-- Opening Marker --

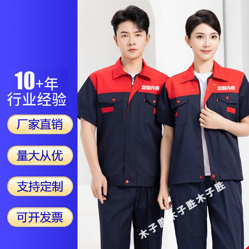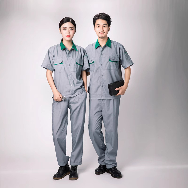 Setelan Pakaian Kerja Lengan Pendek Musim Panas Pria Wanita Atasan Pakaian Pekerja Teknik Perbaikan Otomatis Pakaian Pabrik Pembersihan Properti Model Tipis Tembus Udara
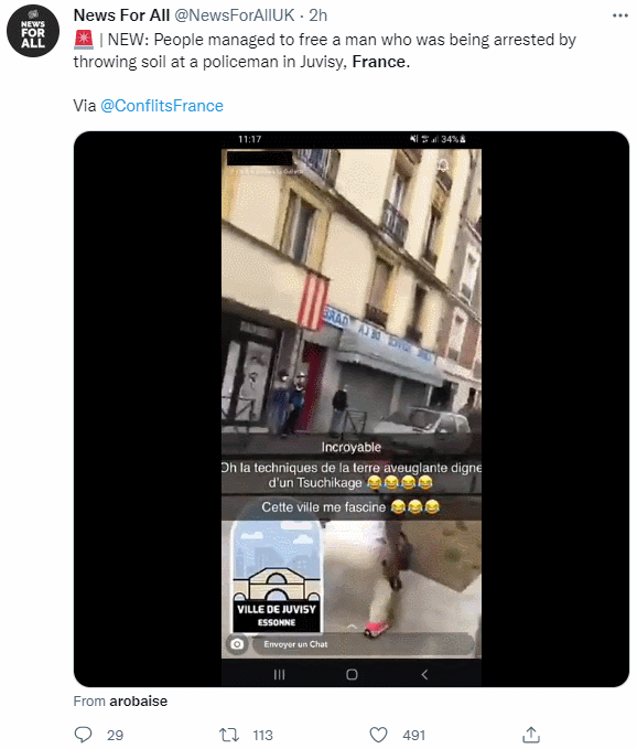 有大規模遊行就會有衝突。在法國Juvisy市街頭,有一名男子被警方逮捕,按在地上。其他人為了解救被捕男子,竟然隨手抓起沙土,就往警察身上撒。
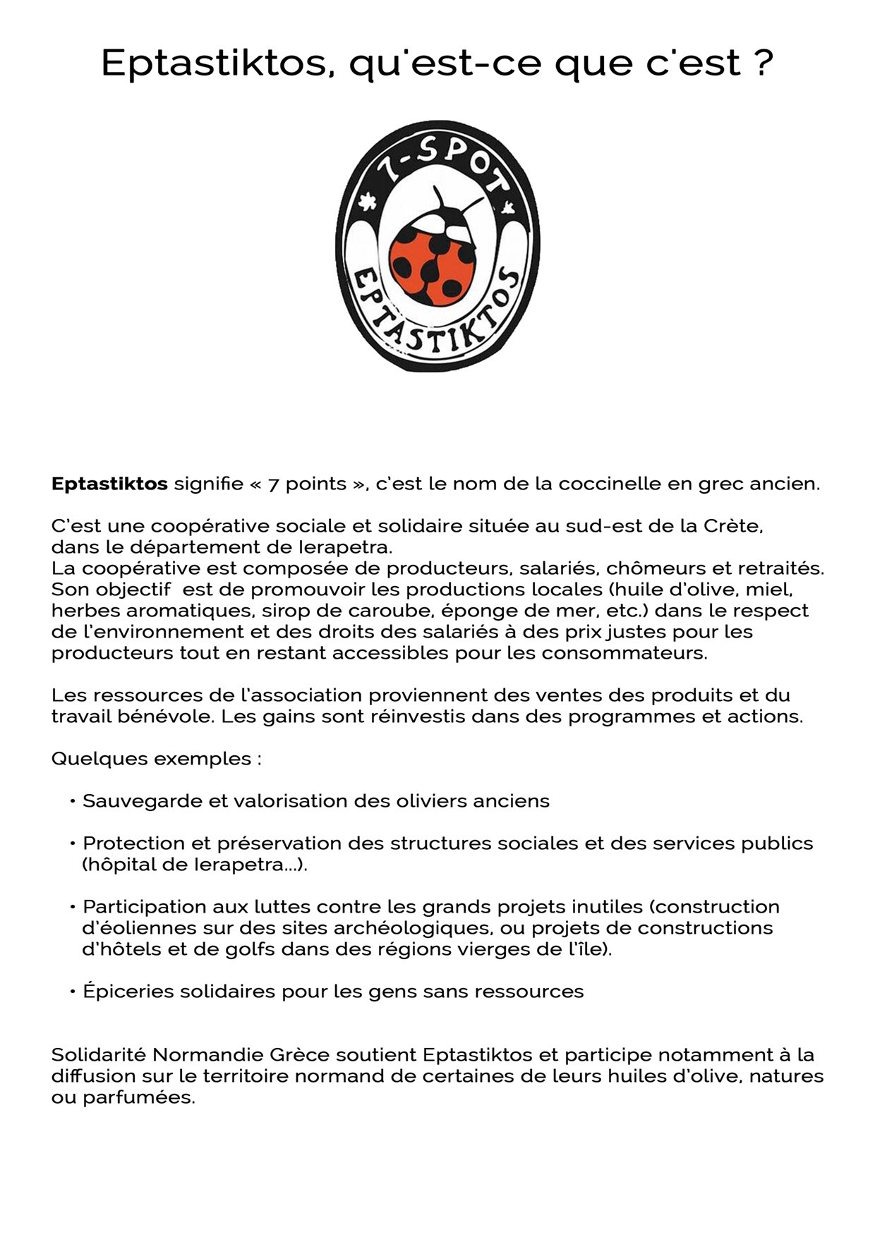 SNG aide également la coopérative sociale et solidaire EPTASTIKTOS à Ierapetra. Nous sommes, en Normandie, un des points de distribution de leur production d'huile d'olive bio, le seul en France à part la Grèce et l'Allemagne.
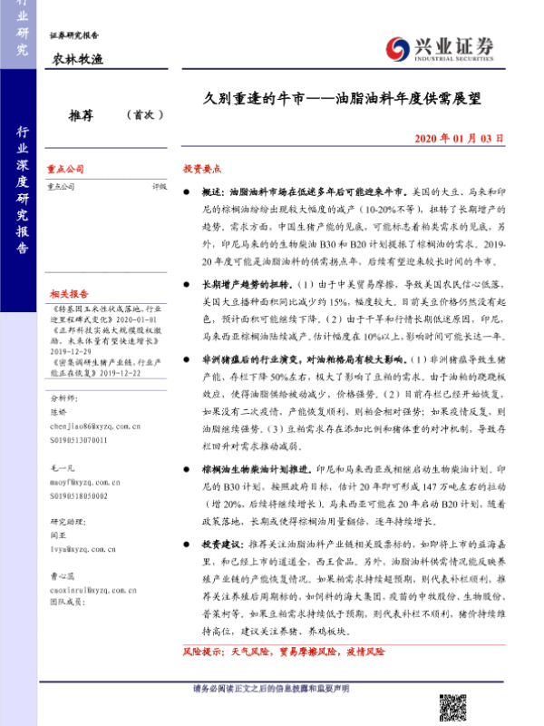 【兴业证券】【20200103】久别重逢的牛市——油脂油料年度供需展望-18页 行业研究
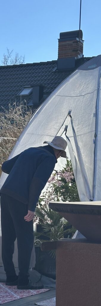 Efter blev det tid med maken på altanen. Jag gullade lite med persikoträden i tältet. Jag hoppas och tror att det går bra med mig som bi med hjälp av en pensel på en bambupinne. Maken såg en humla som han hoppades på skulle hitta in till blommorna i tältet. Det gjorde den nog inte.
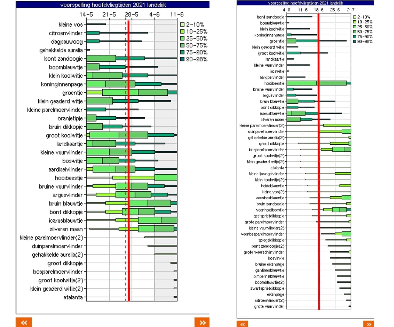 De Vlinderstichting heeft een tool die een verwachting geeft van de vliegtijd van de vlinders. Die inschatting wordt gemaakt door de temperatuursom van de afgelopen tijd en een negendaagse weersvoorspelling, waarbij verwachte temperatuur en straling worden meegenomen in de berekeningen. Als we deze voorspelling nu, rond 27 mei, bekijken zien we dat flink wat vlinders zijn met dikke balken, dat wil zeggen, vlinders die nu in de top van hun vliegtijd zijn. Bekijken we de situatie rond 18 juni dan is er alleen een dikkere balk is bij het hooibeestje. Alle andere vlinders zijn dan of op het eind van hun vliegtijd of zijn nog niet verschenen. Uiteraard zullen deze verwachtingen dagelijks veranderen. Een flinke warme zonnige periode kan betekenen dat er een aantal vlinders toch volop vliegen half juni. We zijn benieuwd!
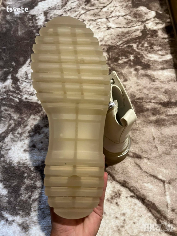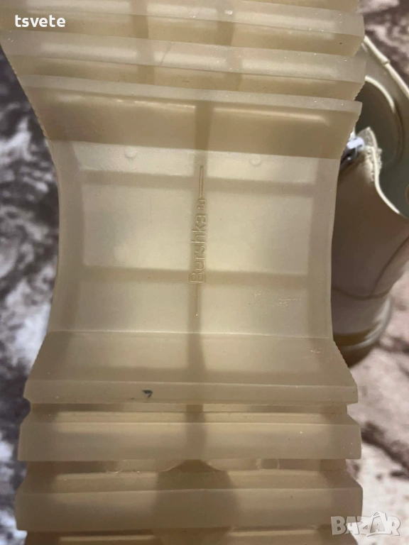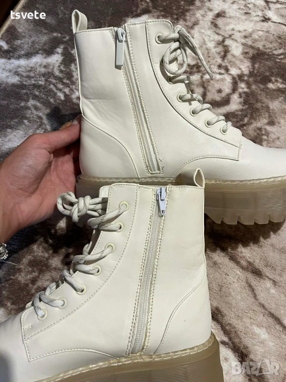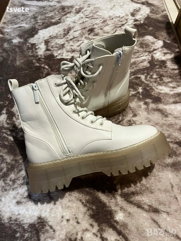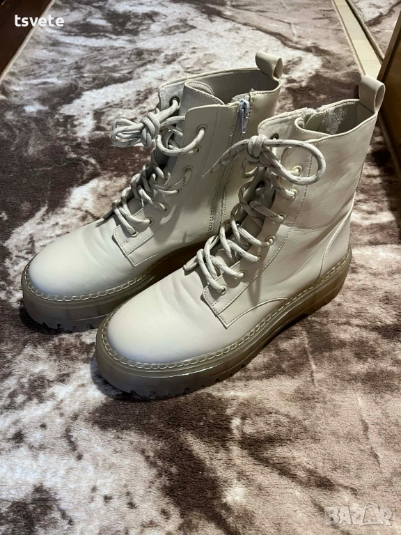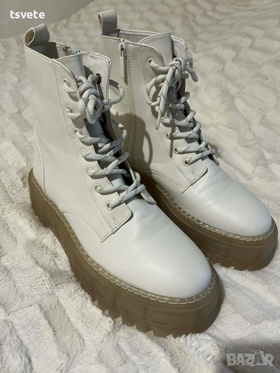 Чисто нови боти от Bershka в бял цвят, кожени. Никога не са носени. При купуването единия цип беше скъсан и е сменян и е различен от другия. Подметката е с височина 4/5 сантиметра. Стелката е 26 см. Номер 40. Нямат кутия..
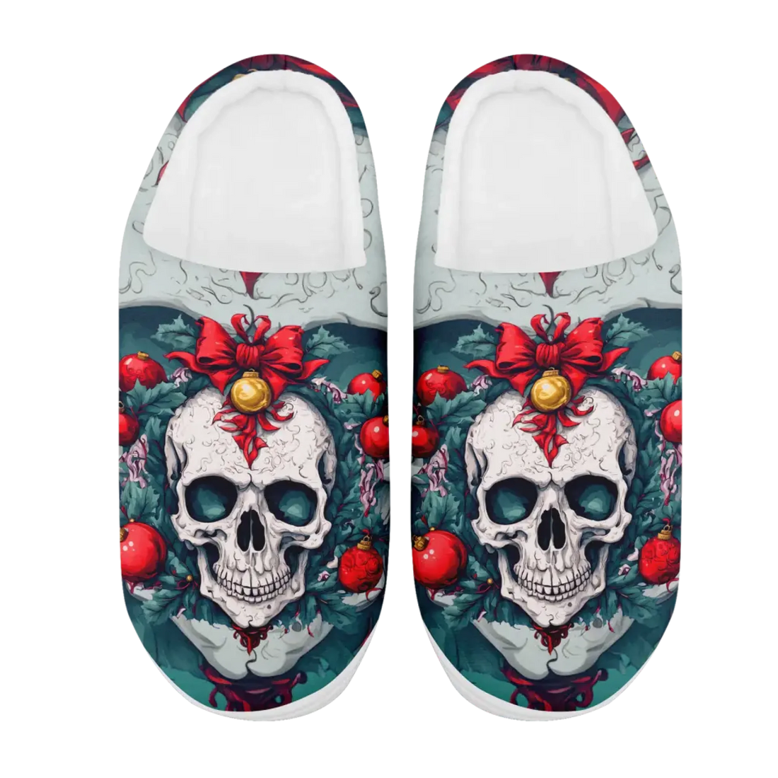 Gothic Christmas Skull Wreath House Slippers - Alternative Holiday Style FN060-25023207
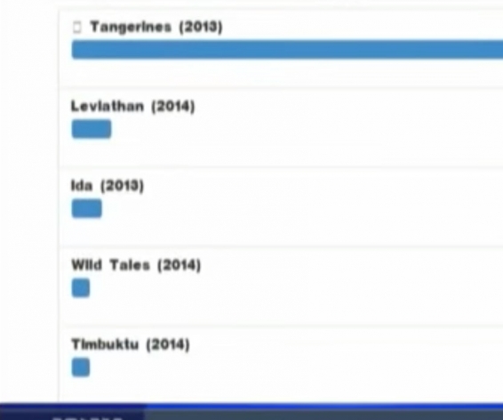 ოსკარზე ნომინირებული ფილმების შესახებ ონლაინ-გამოკითხვა მიმდინარეობს. IMDb-ს კითხვაზე, რომელი ფილმი მიიღებს ოსკარს საუკეთესო უცხოენოვანი ფილმის ნომინაციაში, ზაზა ურუშაძის „მანდარინები“ ლიდერობს. გამოკითხვაში მეორე ადგილზე რუსეთის მიერ წარდგენილი ფილმი „ლევიათანია“, მესამე ადგილზე კი „იდა”.
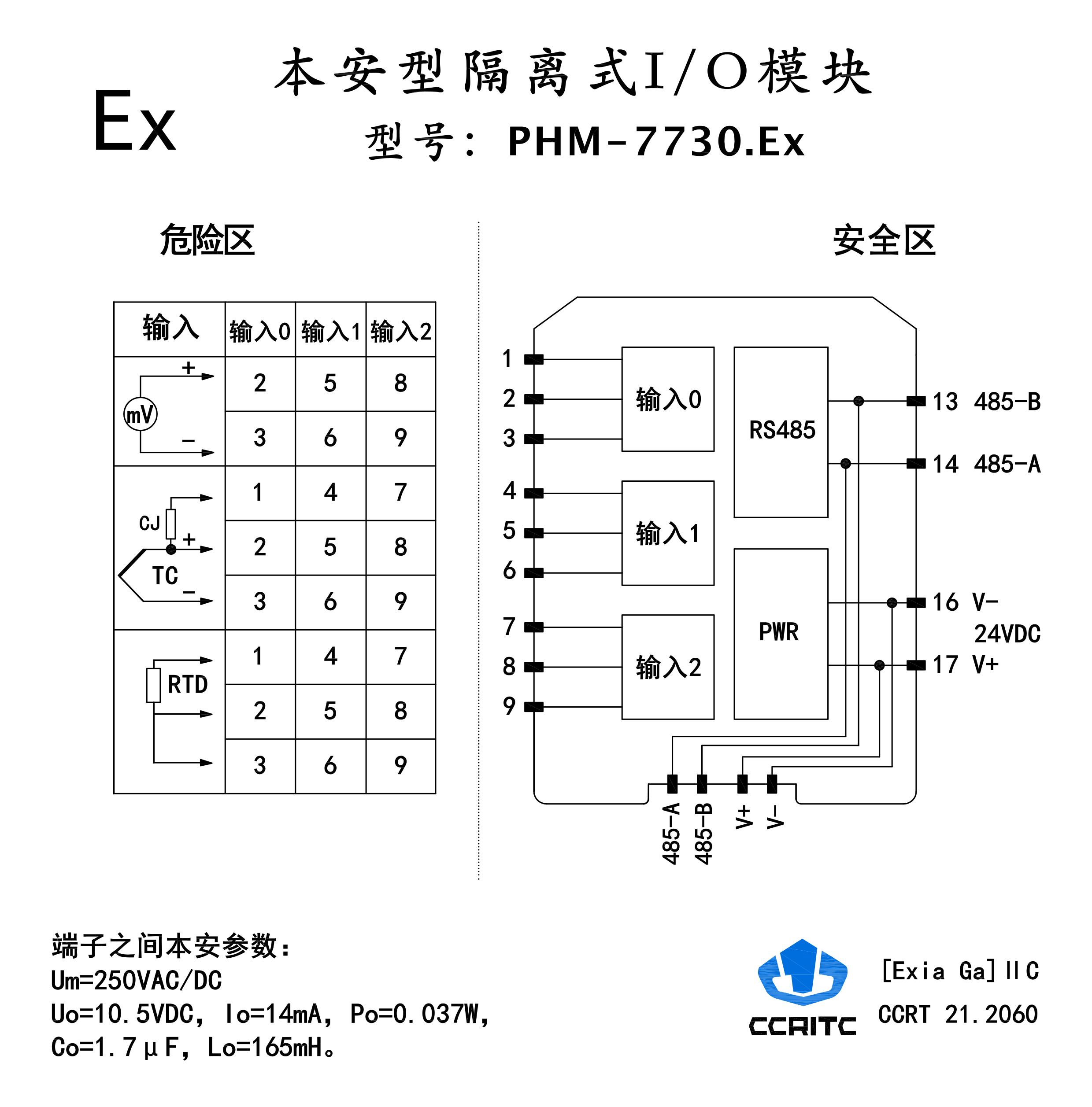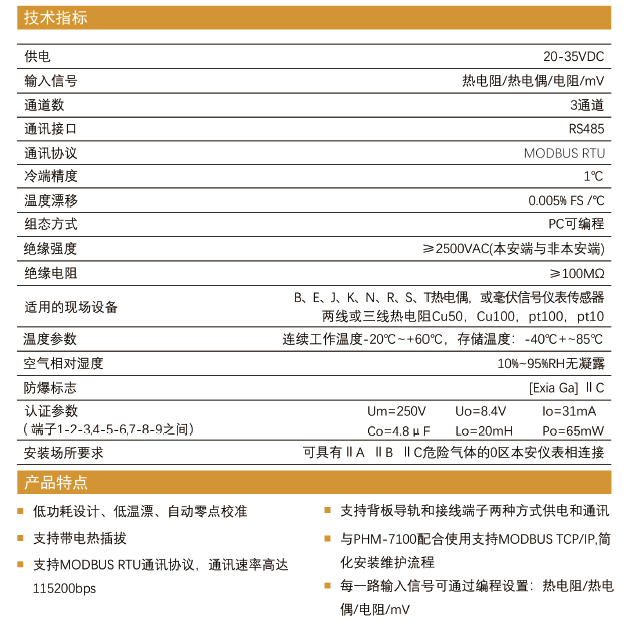 將工業(yè)現(xiàn)場(chǎng)危險(xiǎn)區(qū)的3路溫度信號(hào)隔離轉(zhuǎn)換為數(shù)字信號(hào),按照MODBUS RTU通訊協(xié)議。通過RS485通訊方式,將數(shù)字信號(hào)提供給PHM-7100、PLC或上位機(jī)系統(tǒng)。
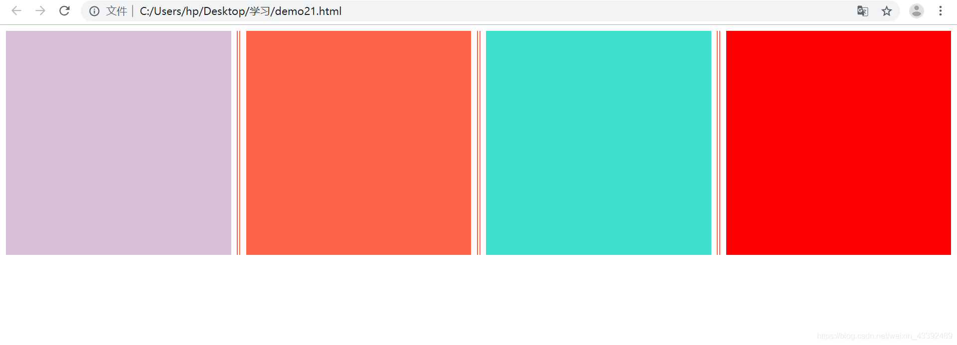 <head><meta charset="UTF-8"><meta name="viewport" content="width=device-width, initial-scale=1.0"><title>css多列布局</title><style>.parent{column-count: 4;column-width: 300px;column-gap: 20px;column-rule: 5px tomato double;}.col1,.col2,.col3,.col4{height: 300px;}.col1{background-color: thistle;}.col2{background-color: tomato;}.col3{background-color: turquoise;}.col4{background-color: red}</style>
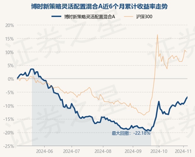 证券之星消息,11月6日,博时新策略灵活配置混合A最新单位净值为1.3314元,累计净值为1.3839元,较前一交易日上涨0.72%。历史数据显示该基金近1个月上涨4.6%,近3个月上涨9.18%,近6个月下跌6.88%,近1年下跌11.26%。该基金近6个月的累计收益率走势如下图:
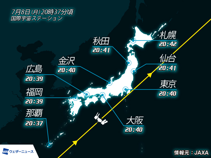 今夜は、関東以西の太平洋側で晴れるところが多い予想です。国際宇宙ステーションの観測チャンスといえそうです。
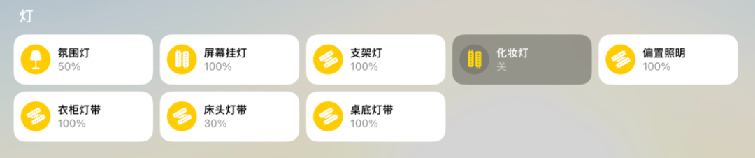 但要从我个人的使用体验来看,有能力的话还是上智能化的灯光更加舒适,而且尽量选择同一家品牌的产品。这样一来,你就可以将灯光进行编组,统一在 app 内进行调色,根据不同的场景来点亮不同的区域或调节亮度,甚至是实现屏幕 / 音乐的声光同步。

-- Closing Marker --

#### [Instructions to follow]
Only the lines from the one containing "將工業(yè)現(xiàn)" through the end of the records are wanted, set down exactly and without their pictures.

#### [Response below]
 將工業(yè)現(xiàn)場(chǎng)危險(xiǎn)區(qū)的3路溫度信號(hào)隔離轉(zhuǎn)換為數(shù)字信號(hào),按照MODBUS RTU通訊協(xié)議。通過RS485通訊方式,將數(shù)字信號(hào)提供給PHM-7100、PLC或上位機(jī)系統(tǒng)。
 <head><meta charset="UTF-8"><meta name="viewport" content="width=device-width, initial-scale=1.0"><title>css多列布局</title><style>.parent{column-count: 4;column-width: 300px;column-gap: 20px;column-rule: 5px tomato double;}.col1,.col2,.col3,.col4{height: 300px;}.col1{background-color: thistle;}.col2{background-color: tomato;}.col3{background-color: turquoise;}.col4{background-color: red}</style>
 证券之星消息,11月6日,博时新策略灵活配置混合A最新单位净值为1.3314元,累计净值为1.3839元,较前一交易日上涨0.72%。历史数据显示该基金近1个月上涨4.6%,近3个月上涨9.18%,近6个月下跌6.88%,近1年下跌11.26%。该基金近6个月的累计收益率走势如下图:
 今夜は、関東以西の太平洋側で晴れるところが多い予想です。国際宇宙ステーションの観測チャンスといえそうです。
 但要从我个人的使用体验来看,有能力的话还是上智能化的灯光更加舒适,而且尽量选择同一家品牌的产品。这样一来,你就可以将灯光进行编组,统一在 app 内进行调色,根据不同的场景来点亮不同的区域或调节亮度,甚至是实现屏幕 / 音乐的声光同步。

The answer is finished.